濱口邸サルスベリ 石巻へ

 津波からの避難を呼びかけた史実を伝える稲むらの火の館(広川町)が、東日本大震災で被害にあった宮城県石巻市の旧大川小学校にサルスベリの木を「ともだちの樹」として寄贈、5月4日に植樹式が行われた。﨑山光一館長は「避難を先導した濱口梧陵の自宅にあった2本のサルスベリのうちの1本です。この交流をきっかけに、海近くで地震があれば津波が来ると思って行動してほしい」と呼びかけた。

 大川小は、津波で児童、教職員計84人が死亡。校舎が壊滅状態となり閉校し、一部は震災遺構として残されている。

 植樹は和歌山市青年団体協議会(高垣晴夫会長)が仲介。協議会所属の同市BBS会が2011年末に石油ストーブを石巻市に贈ったのをきっかけに、翌年から毎年1㌧ほどのみかんを届けて「みかん狩り運動会」を開き、ふれあいを重ねている。

 和歌山では150年以上前の安政の大地震の際、濱口が津波を予見し、村人に避難を呼びかけたことで被害を最小限に食い止められたことが伝わる。和歌山からは以前、石巻市のシンボル木クロマツ、和歌山県木ウバメガシを寄贈しており、今回は濱口邸のサルスベリを植えた。
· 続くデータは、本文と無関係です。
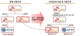 (조세금융신문=김성욱 기자) SK텔레콤이 포괄적주식교환을 통해 SK인포섹을 완전 자회사로 편입한다. 교환 주식은 SK텔레콤 자사주 1.6%와 SK인포섹 지분 100%다. SK㈜에서 SK텔레콤으로 이관되는 SK인포섹은 국내 1위 정보보안업체로 연 매출 2000억원을 상회한다. 보안 관제와 컨설팅·솔루션 등이 주 사업영역이다. 지난해에는 아시아 최초로 세계 선도 보안업체들의 연합체인 CTA에 가입해 경쟁력을 인정받았다. SK텔레콤은 SK그룹 내 보안 사업 역량을 결집해 시너지 창출을 추진한다. 단기적으로는 NSOK와 합병하는 ADT캡스와 SK인포섹의 영업망을 공유해 양적 성장을 도모할 방침이다. 또 중장기적으로는 물리보안에서 정보보안까지 통합 서비스 체계를 구축해 국내 보안 서비스 시장의 변화를 주도할 계획이다. 이에 따라 SK텔레콤의 정보통신기술(ICT)과 SK인포섹의 정보보안 플랫폼, 물리보안 사업자인 ADT캡스 출동 인력을 융합해 새로운 보안 서비스를 탄생시킬 수 있다는 구상이다. 예를 들어 SK텔레콤 영상보안 솔루션으로 외부인 침입을 감지하고 SK인포섹 보안 플랫폼으로 솔루션 해킹을 방지하는 한편 ADT캡스 출동보안요원이 출입을 통제하는 방식이
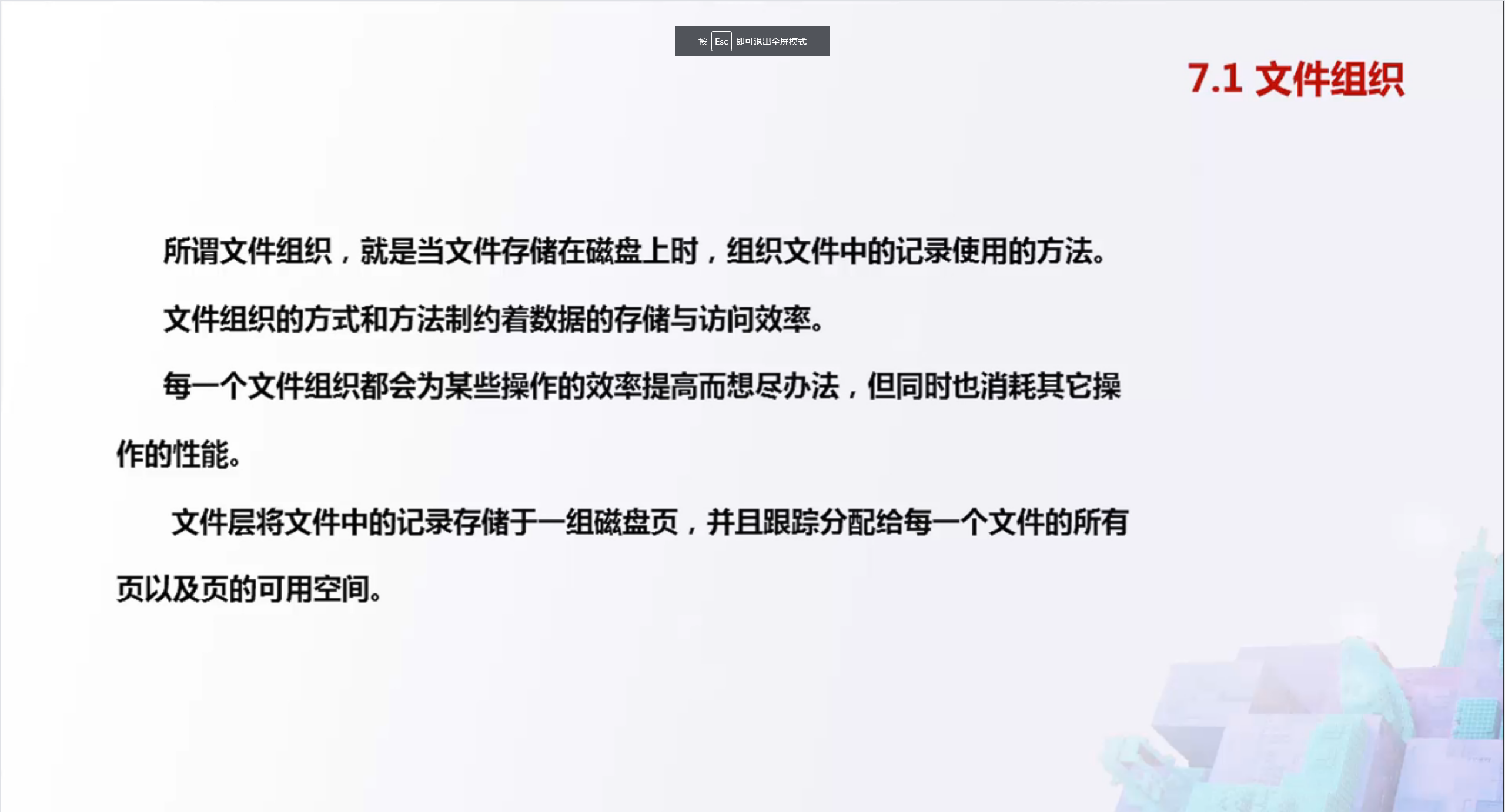 在了解数据以文件的形式存储之前,我们有必要先了解什么是文件组织。文件组织就是当文件存储在磁盘上时,组织文件中的记录所使用的方法,其组织的方式和方法制约着数据的存储与访问效率。我们知道数据库是将数据存储在外部存储器中的,计算时需要将数据加载到内存后处理,不同的DBMS在读取方式上也是几乎迥异。所以每一个文件组织都会为某些操作的效率提高而想尽方法,但同时也消耗其他操作的性能。通过访问层代码,可以创建、删除文件,向其中插入或者删除记录。还可以进行查询操作,以一次访问一个记录的方式来遍历文件上的所有记录。文件层将文件中的记录存储于一组磁盘页,并且跟踪分配给每一个文件的所有页以及页的可用空间。
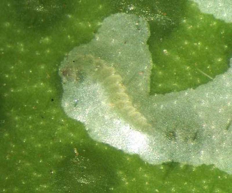 Lepidopteran larvae feed primarily on the leaves of their host plants. They may exhibit a preference for new growth flushes. Visible damage differs depending on the lepidopteran species. They may feed on the lower leaf surface, chew large holes completely through the leaves, or skeletonize the leaves with only the leaf veins remaining. In the case of mining lepidopterans, the larvae produce tunnels beneath the epidermis that can result in deformation, yellowing (chlorosis), or leaf drop.
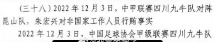 2022年12月3日,中甲聯(lián)賽四川九牛隊對陣?yán)ド疥牐旌昱d對非國家工作人員行賄事實。
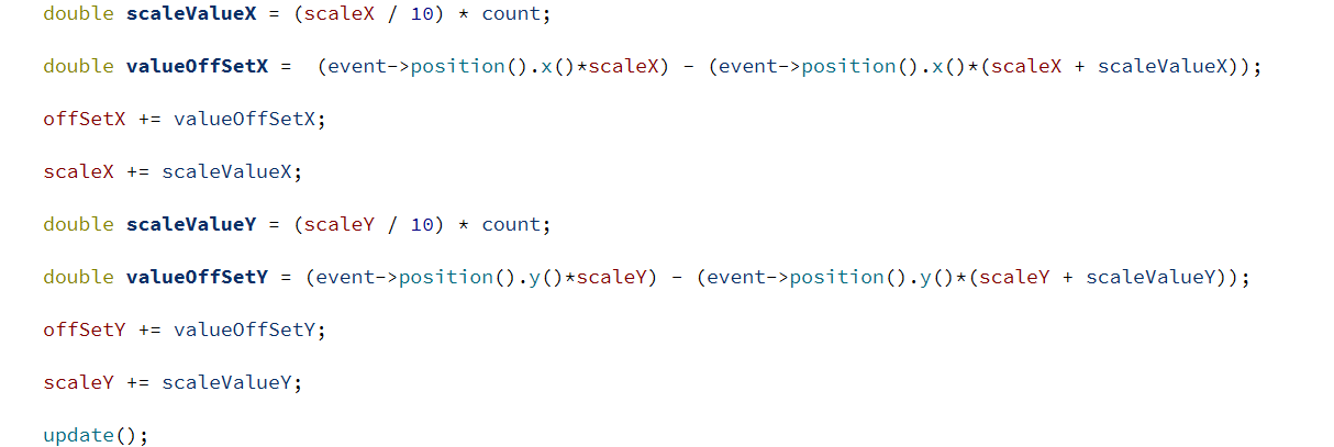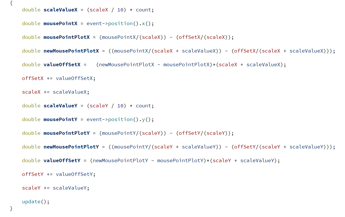 У меня задача, нужно график функции масштабировать и компенсировать смещение точки под курсором при масштабировании. Какой алгоритм мне использовать? я использую алгоритм следующий: [mаth]сдвиг графика по оси Х += (координаты мыши масштаб графика) - (координаты мыши новый масштаб графика) [/mаth]
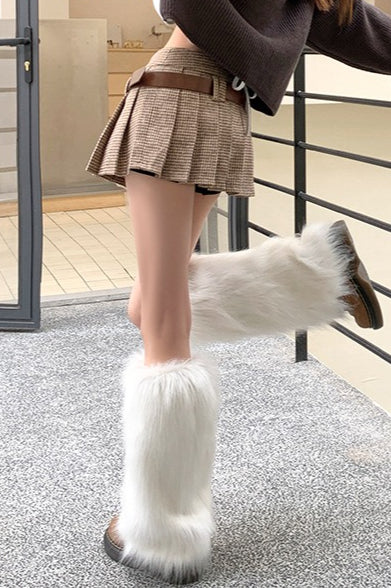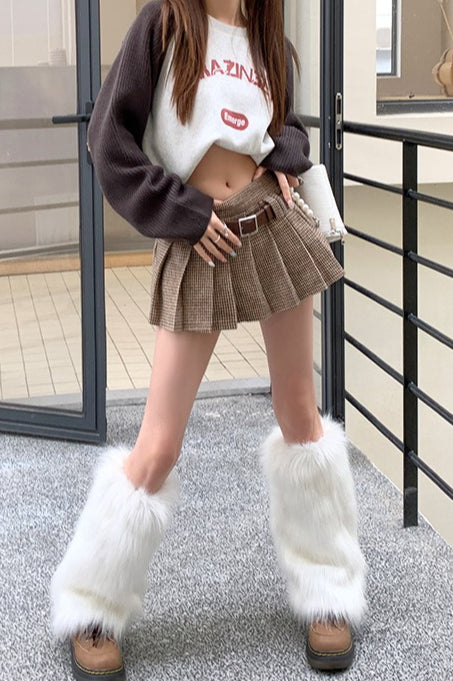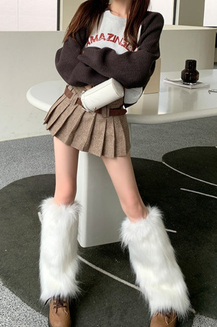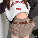 Højtaljet plisseret nederdel med houndstooth-mønster

 高垣会長は「和歌山と宮城が友達、木同士も友達、もちろん、一緒に植えた子どもたちも友達。植えたのは緑の日なので、年1回は集まり、震災のことを伝えてくれると、記録から記憶につながる」。﨑山館長も「小学校のすぐ横に山があるのに、犠牲者が大勢出たのが悔しい。2度とこうしたことがないよう、ともだちの樹を伝承のきっかけに」と願いを込めた。